_Action item:_ The answer consists solely of the lines running from the one with "По сценарию, огонь" through the final line below, transcribed exactly and without any pictures.

======== Study material

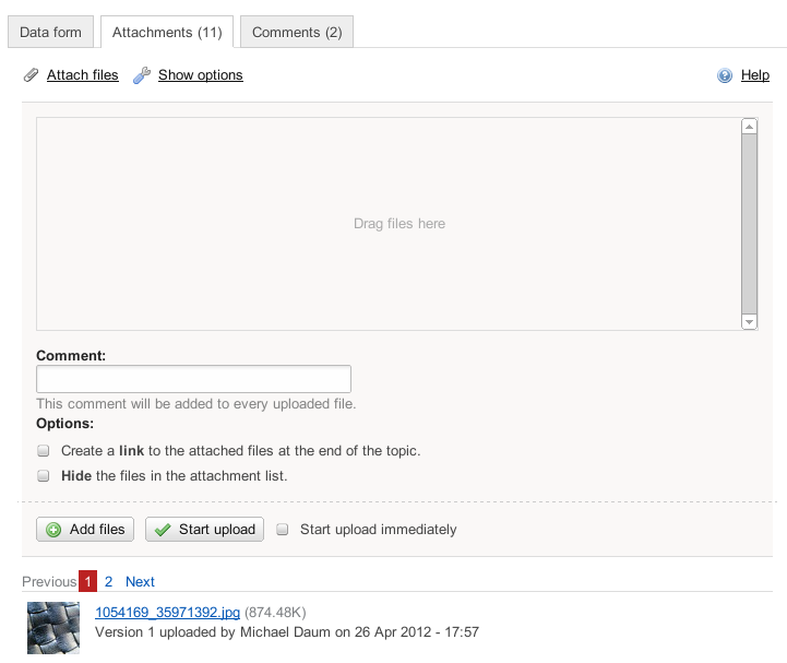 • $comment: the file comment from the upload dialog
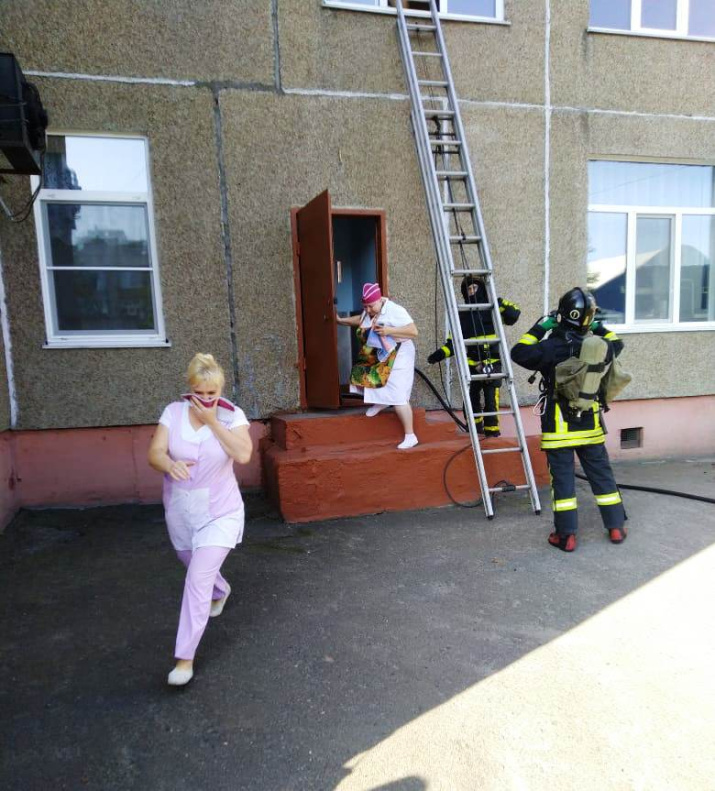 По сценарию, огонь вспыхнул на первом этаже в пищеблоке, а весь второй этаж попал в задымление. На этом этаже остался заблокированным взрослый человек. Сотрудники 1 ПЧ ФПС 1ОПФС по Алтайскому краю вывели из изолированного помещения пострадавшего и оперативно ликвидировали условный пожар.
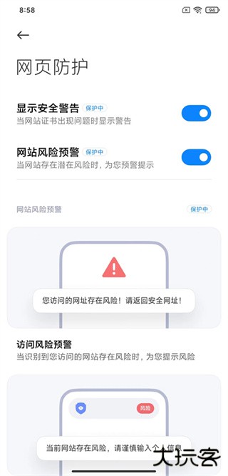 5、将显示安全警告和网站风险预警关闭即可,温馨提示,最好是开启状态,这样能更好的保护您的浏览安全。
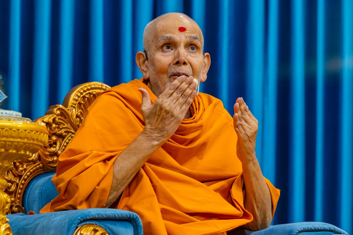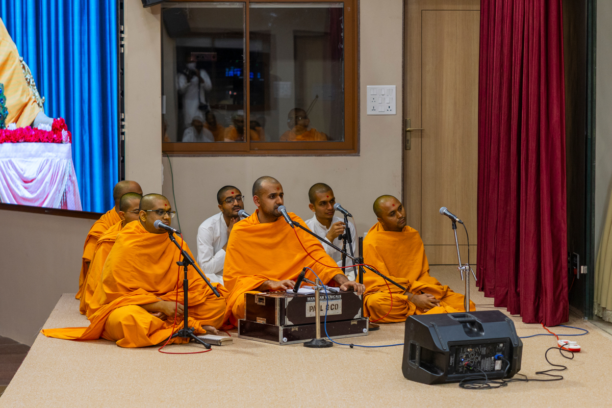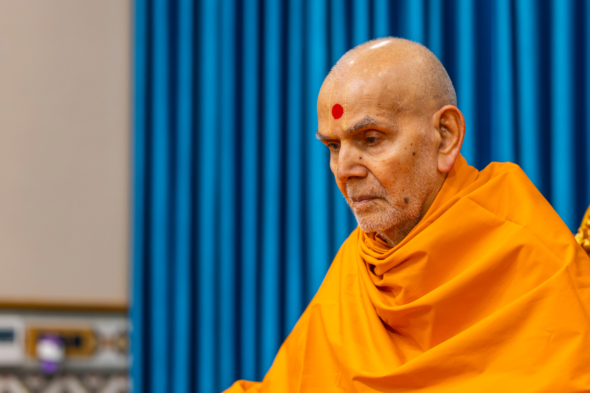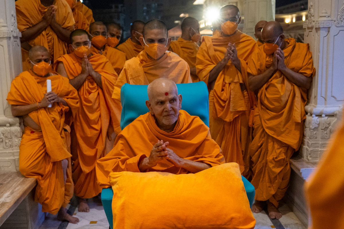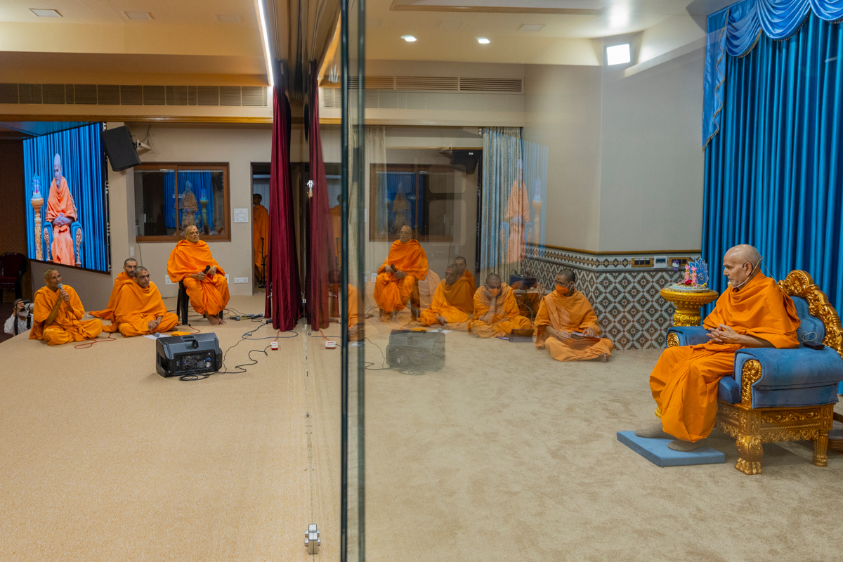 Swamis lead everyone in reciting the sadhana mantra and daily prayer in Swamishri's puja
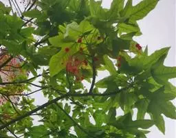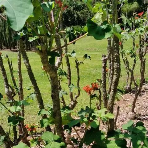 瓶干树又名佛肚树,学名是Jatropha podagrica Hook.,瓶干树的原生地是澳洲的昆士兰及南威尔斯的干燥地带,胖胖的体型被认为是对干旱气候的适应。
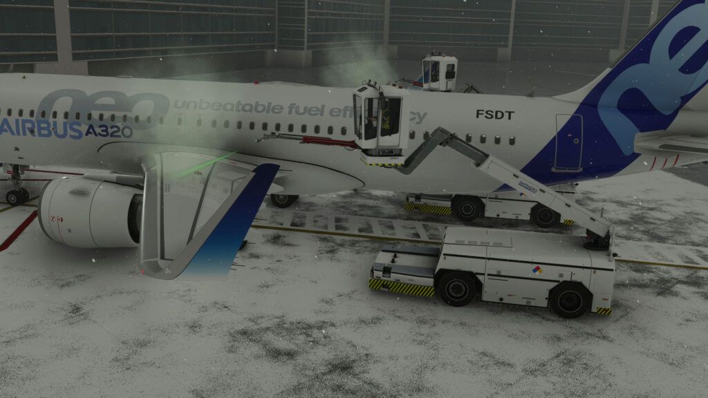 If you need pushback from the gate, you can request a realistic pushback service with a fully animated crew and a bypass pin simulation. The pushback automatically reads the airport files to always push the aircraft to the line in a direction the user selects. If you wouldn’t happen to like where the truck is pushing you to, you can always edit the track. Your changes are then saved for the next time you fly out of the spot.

================

_Completed exercise:_
 По сценарию, огонь вспыхнул на первом этаже в пищеблоке, а весь второй этаж попал в задымление. На этом этаже остался заблокированным взрослый человек. Сотрудники 1 ПЧ ФПС 1ОПФС по Алтайскому краю вывели из изолированного помещения пострадавшего и оперативно ликвидировали условный пожар.
 5、将显示安全警告和网站风险预警关闭即可,温馨提示,最好是开启状态,这样能更好的保护您的浏览安全。
 Swamis lead everyone in reciting the sadhana mantra and daily prayer in Swamishri's puja
 瓶干树又名佛肚树,学名是Jatropha podagrica Hook.,瓶干树的原生地是澳洲的昆士兰及南威尔斯的干燥地带,胖胖的体型被认为是对干旱气候的适应。
 If you need pushback from the gate, you can request a realistic pushback service with a fully animated crew and a bypass pin simulation. The pushback automatically reads the airport files to always push the aircraft to the line in a direction the user selects. If you wouldn’t happen to like where the truck is pushing you to, you can always edit the track. Your changes are then saved for the next time you fly out of the spot.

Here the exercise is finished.